# Is it that time of year already ? OFA Breeding update



## OneFineAcre (Oct 1, 2014)

The girls are sure walking the fence line today.  Fortunately, the strand of electric wire I installed is keeping the boys off of the fence.





We have already bred one of our yearlings Clara Belle.  She actually will be 2 years old tomorrow. We bred her on Sept 10th to Moonshine.


----------



## jodief100 (Oct 1, 2014)

Time does fly!  I have 12 confirmed pregnant, 26 in the respective buck pens and another 5 more waiting to go up in the pens. 

Your goats are in great shape!  If anything the boys look a little overconditioned but a few weeks with the does will cure that.    Breeding should go very nicely.


----------



## OneFineAcre (Oct 1, 2014)

jodief100 said:


> Time does fly!  I have 12 confirmed pregnant, 26 in the respective buck pens and another 5 more waiting to go up in the pens.
> 
> Your goats are in great shape!  If anything the boys look a little overconditioned but a few weeks with the does will cure that.    Breeding should go very nicely.

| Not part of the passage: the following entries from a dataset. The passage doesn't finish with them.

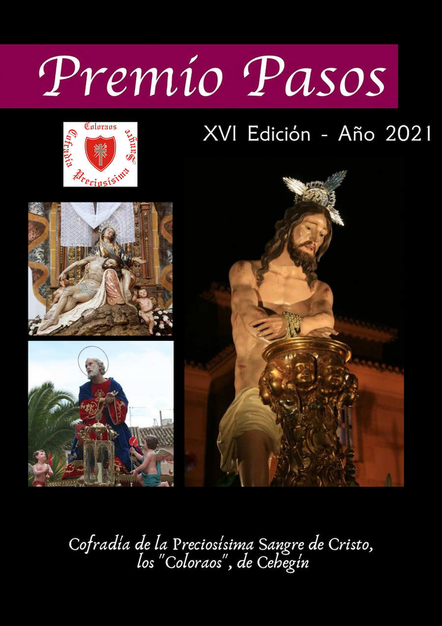 El sábado 13 de noviembre es la fecha prevista para la celebración de los actos de homenaje y Gala de Entrega del Premio PASOS 2021 a la Cofradía de la Preciosísima Sangre de Cristo de Cehegín.
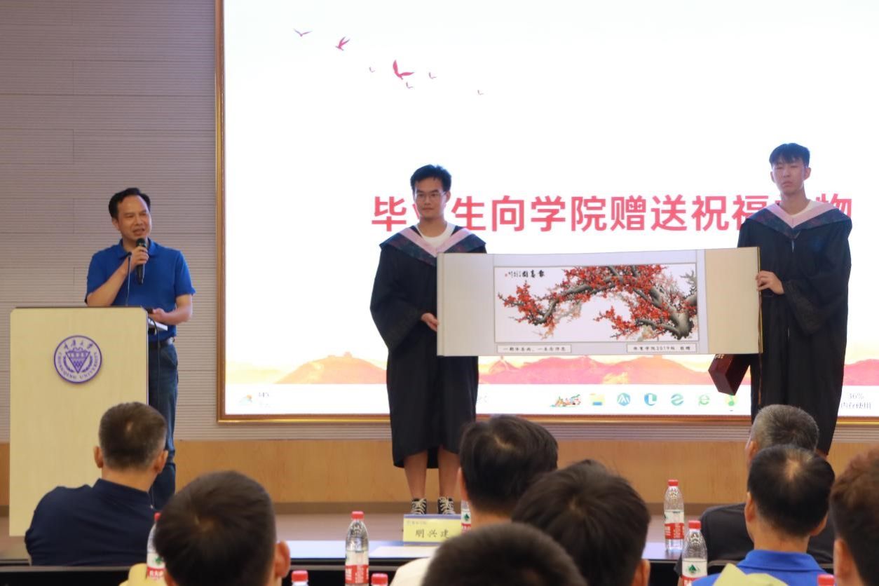 三尺讲台,桃李满天,十年树木,育人栋梁。为感谢老师们的辛苦付出,毕业生们特意准备了礼物。明兴建书记代表色情影片 接受毕业生赠送给学院的毕业礼物,并表达了对同学们的祝福:鹏程万里,各瞻迩遐壤伟业;未来可期,团聚相逢更亲切!
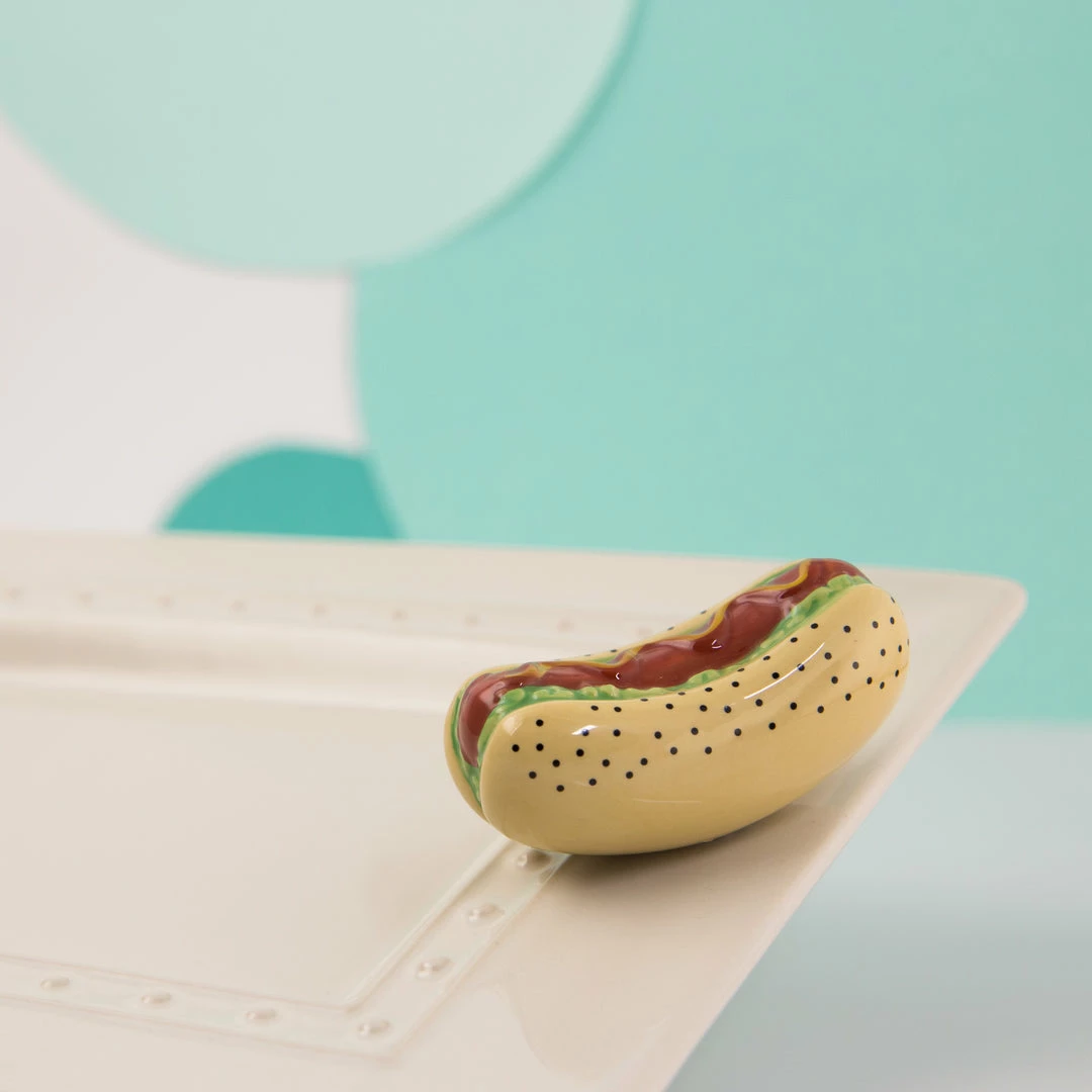 Mini hot dog with relish and mustard! Nora Fleming minis can be inserted into Nora Fleming bases and switched out to go with any occasion or event you may be hosting!
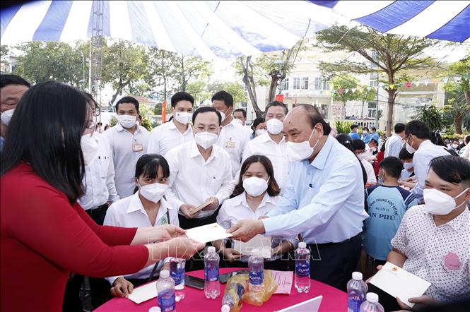 Chủ tịch nước Nguyễn Xuân Phúc tặng quà Tết cho đội ngũ y bác sỹ, cán bộ công chức có hoàn cảnh khó khăn, cũng là những người có nhiều thành tích trong hoạt động đoàn thể và phòng chống dịch trên địa bàn Thành phố Thủ Đức.
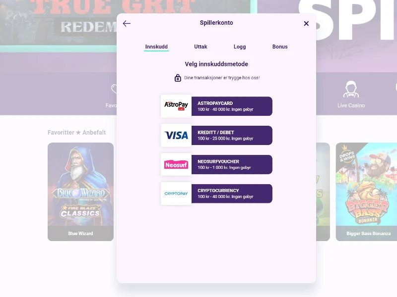 Register with Slotbox now and take advantage of the fantastic welcome offer consisting of 100% up to NOK 10,000 and 100 free spins.
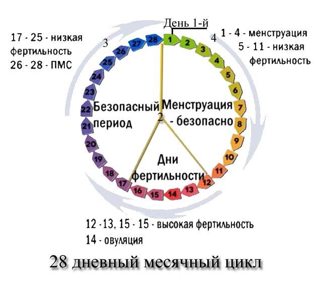 . У большинства женщин менструальный цикл длится около 28 дней. Первый день менструации считается началом цикла, первым его днём. 1. К 14 – му дню цикла яйцеклетка попадает в маточную трубу.
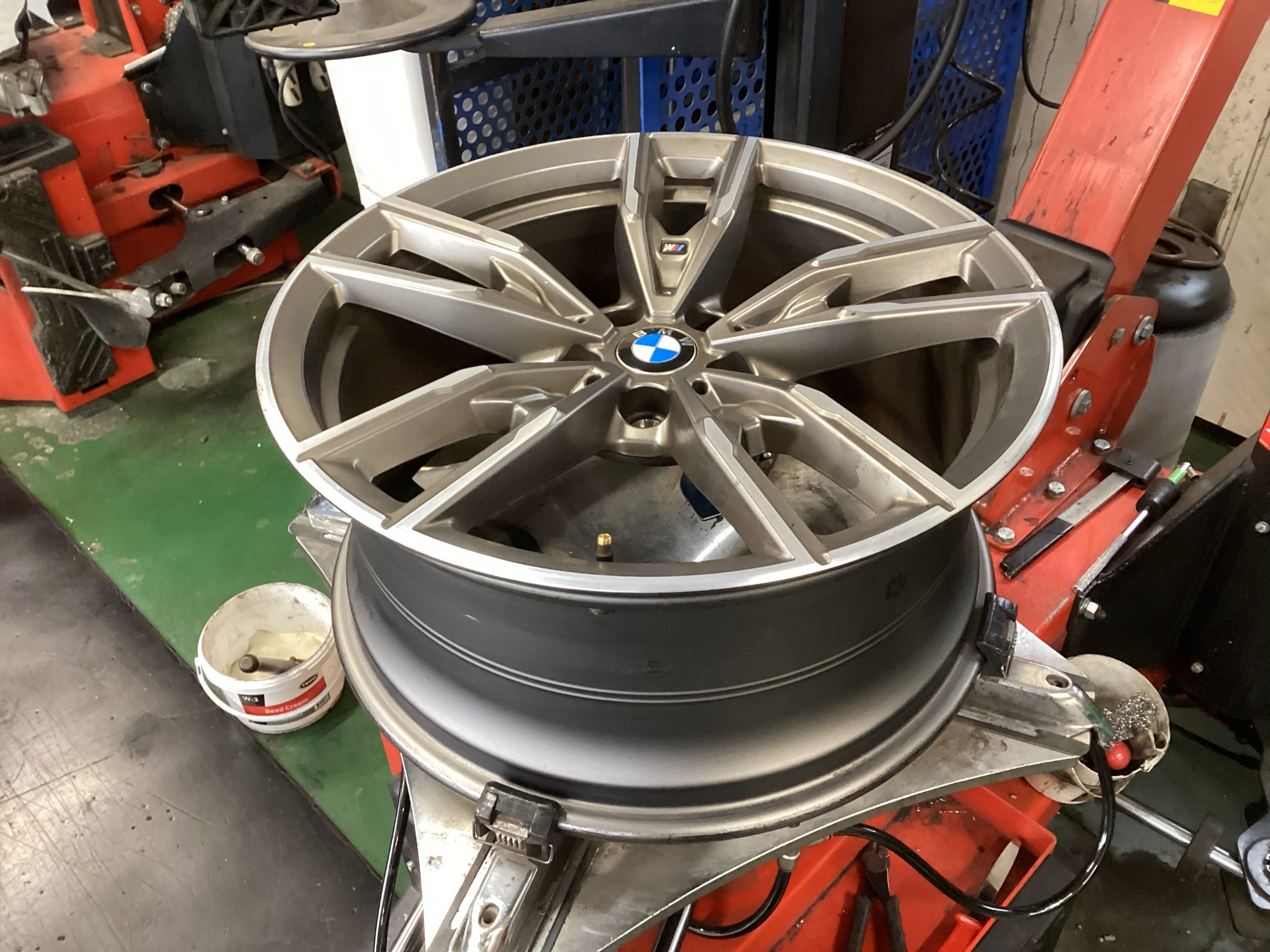 タイヤチェンジャーで古いタイヤとホイールを分解します。
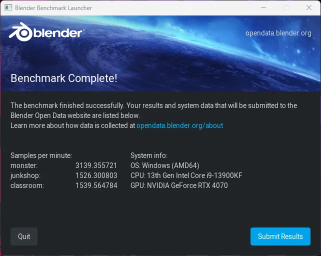 当然,拥有高性能CPU与GPU的ROG冰刃X游戏PC的发挥空间还不仅限于游戏方面,其还能加速用户的生产与创作。在该环节,我们挑选了PCMark10、Blender Opendata、V-Ray Benchmark、UL Procyon等多款软件对ROG冰刃X游戏PC进行了创作性能方面的测试。

The brown one closest in the picture is Caspian, and he is definitely overconditioned.  I would go so far to say he is fat.   Rocky, the white one is about right.  You can't see the yearling bucks too good, but Big Brown and Moonshine are a little fleshy too.  But, you are right, they have already cut way back on their eating and are slimming down.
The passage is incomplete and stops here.